As a Latina and as a plus-size woman I have always been told that my hair is one of the things that made me attractive. I have been told that cutting my hair would make me look fatter. Because being fat is the worse thing that you can be.
I’ve had long hair most of my adult life. I constantly receive compliments on how beautiful it is and how cutting it would be the worse thing I could do.
My hair had become a safety blanket. On the days that I don’t feel good about myself I would hide behind it. But, I believe that to grow as a person you have to step out of your comfort zone. So, I chopped it off.
This isn’t the first time I cut my hair but it is definitely the shortest I have ever had it, at least since elementary school.
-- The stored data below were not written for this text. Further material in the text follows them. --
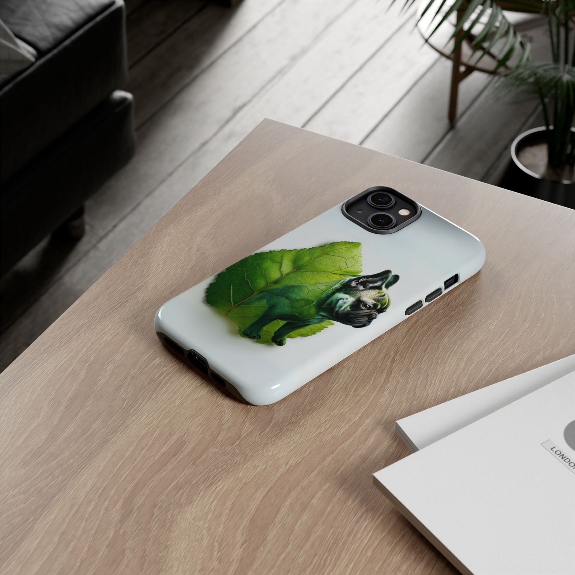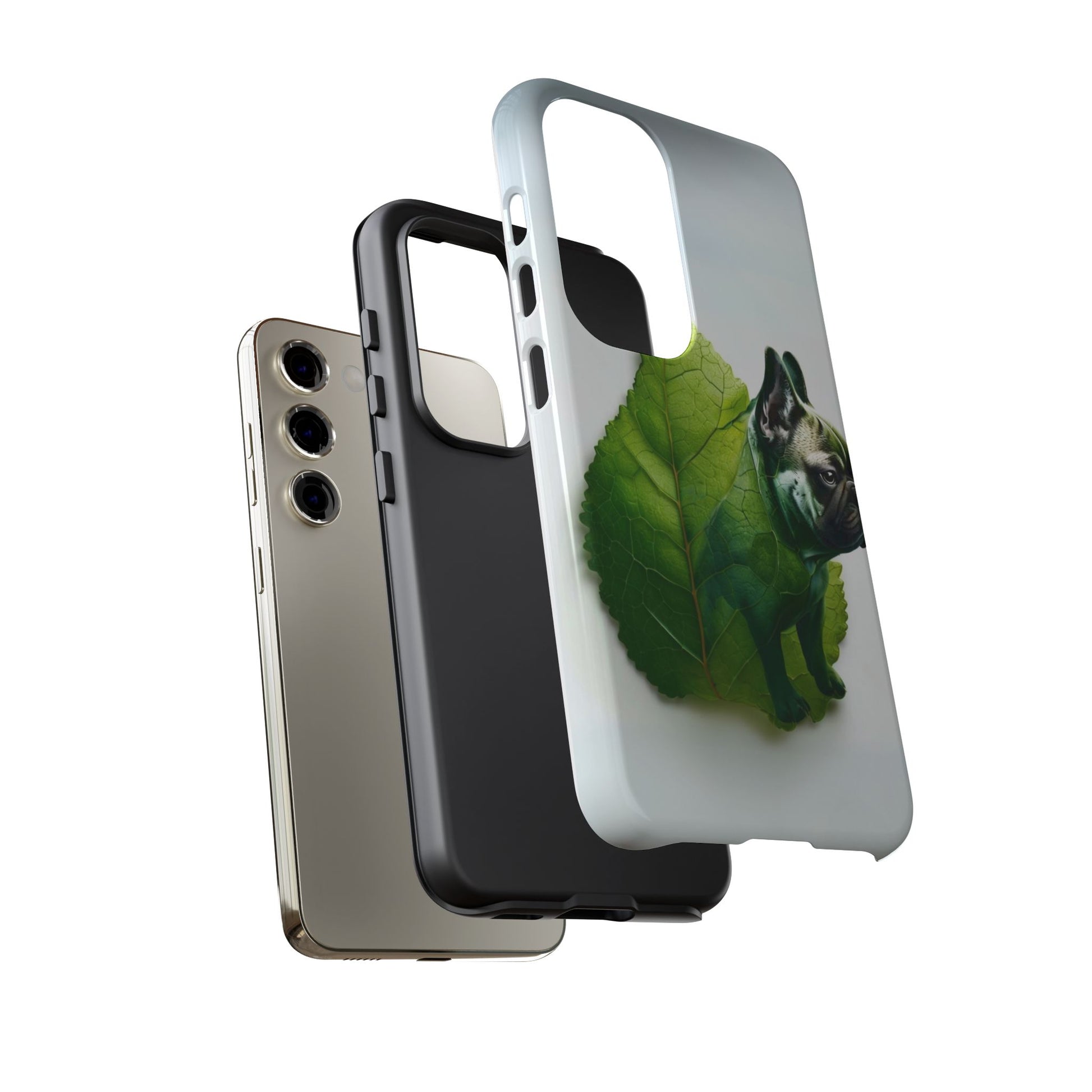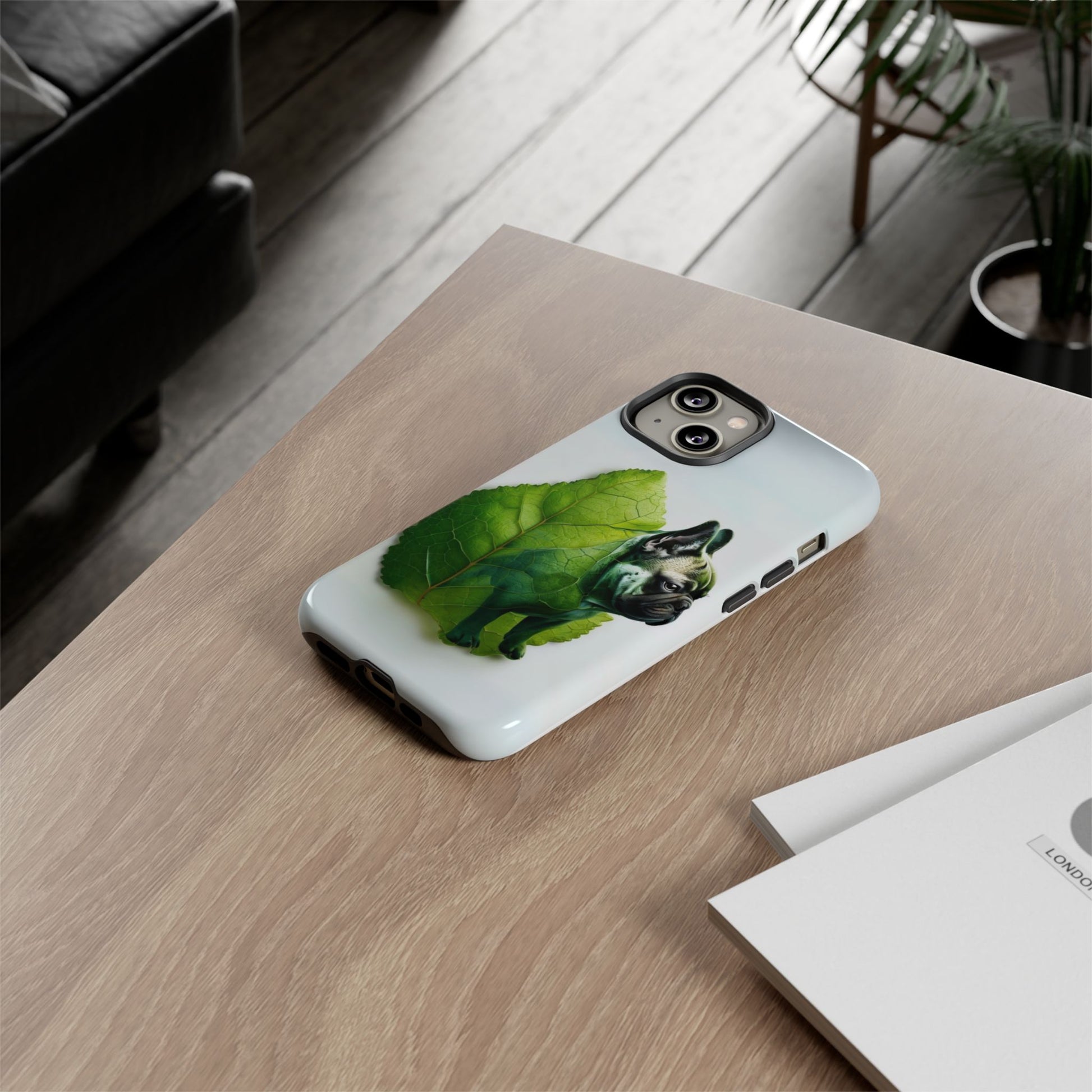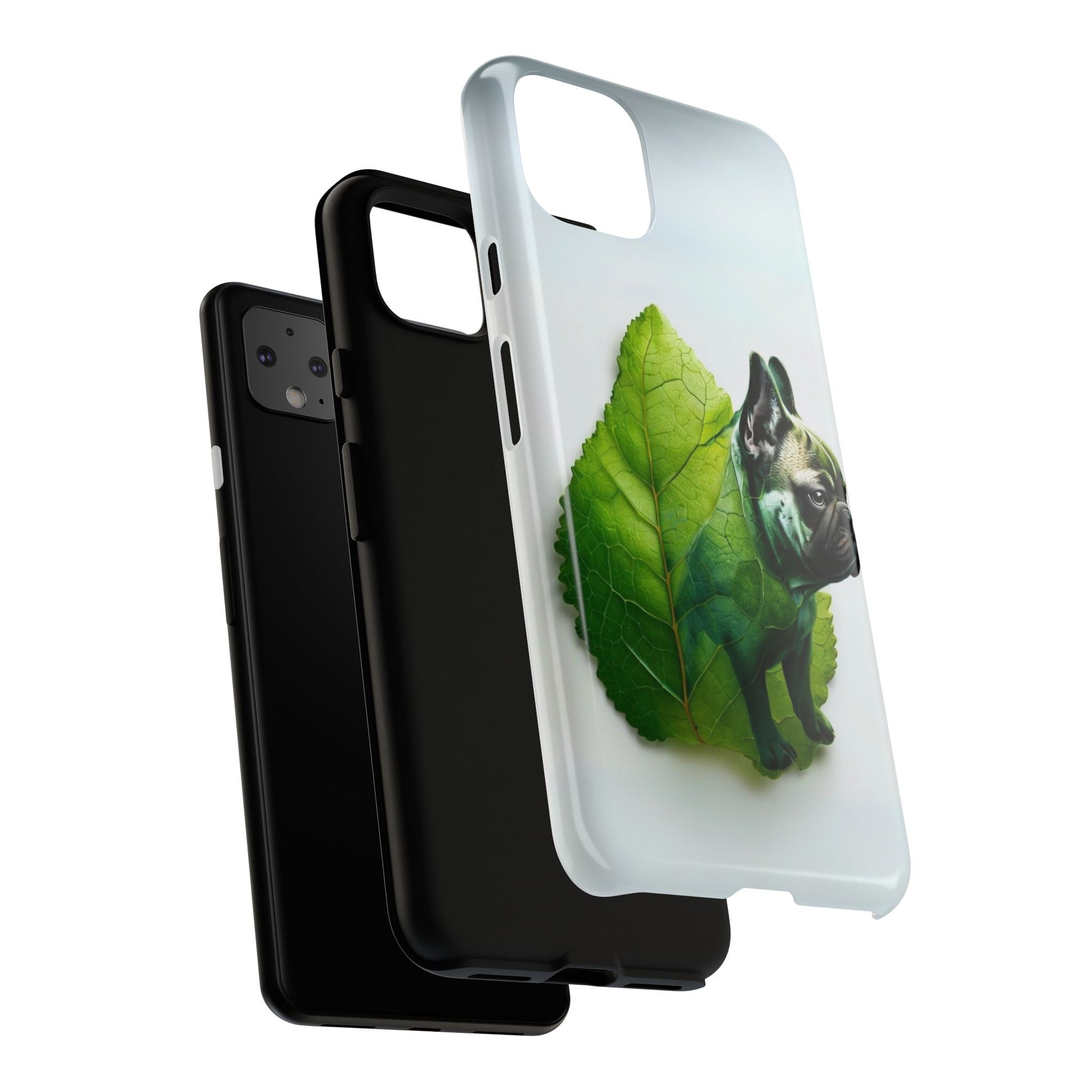 A phone cover where canine charm meets lush, leafy elegance. This cover features a silhouette of a dog infused with delicate green veining. Pawsitively stylish.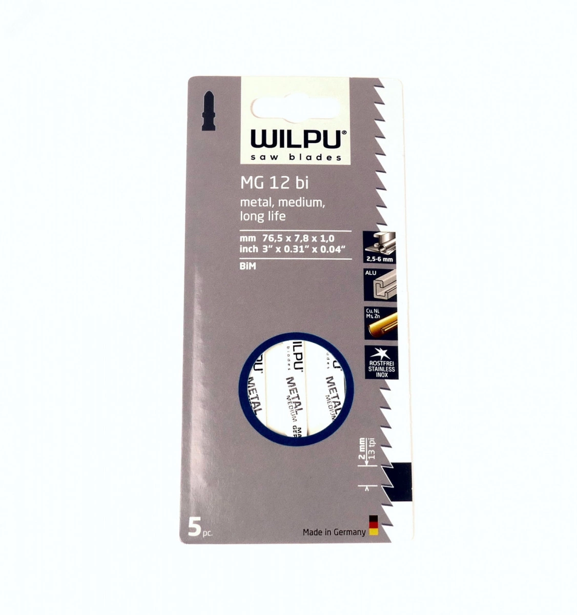 Пилка для лобзика MG 12 bi х5шт/уп для стали, нержавеющей стали, цветного металла, алюминия от 2,5 до 6мм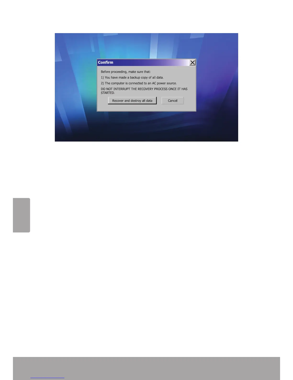 auf [Recover and destroy all data] (Werkseinstellungen wiederher-
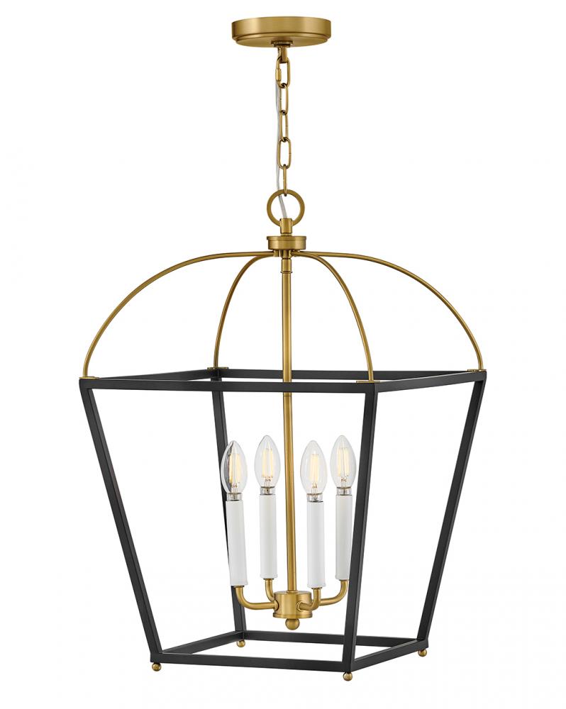 With accent curves in all the right places, Tate’s classic, lantern-style profile makes a glorious statement in any dining room or living space. Bold Black and Lacquered Brass finishes easily complement any décor.

Cutting my hair is a reminder that my beauty is not set by standards society has dropped on us but by how I feel about myself and what makes me happy.
Chopping off my hair always feels like a big middle finger to society.
If you are planning on chopping it off do it. Take control over your body and self-love.
What I’m wearing:
Top: Rainbow similar here
Sneakers: Payless similar here
Earrings: H&M similar here
Sunglasses: Ray ban
I went beyond chopping it off….I got buzz cut pixie. I stopped dying it about 5 yrs ago. O am 49 yrs old….have been told don’t look it. And that is look better if I dyed it. I love my hair. O feel more confident and beautiful. I’ve always been shy and self conscious about how I looked. Not anymore! I’ve learned to be me! Thank you….to all my new hero’s the woman who have taught me that size does not matter….
I feel you 10 percent. I gravitated towards longer locks because it’s slimming and more acceptable. However, I wanted a more trendy style and to distinguish and empower myself, so I did a big chop like you.
Thanks for sharing. It’s nice to know I’m not alone in this.
Cheers to confidence!
I have done exactly the same. I have also hid behind my long hair and then one day i just thought “screw it” and did the big chop. I don’t regret it at all. I feel great! Even more confident!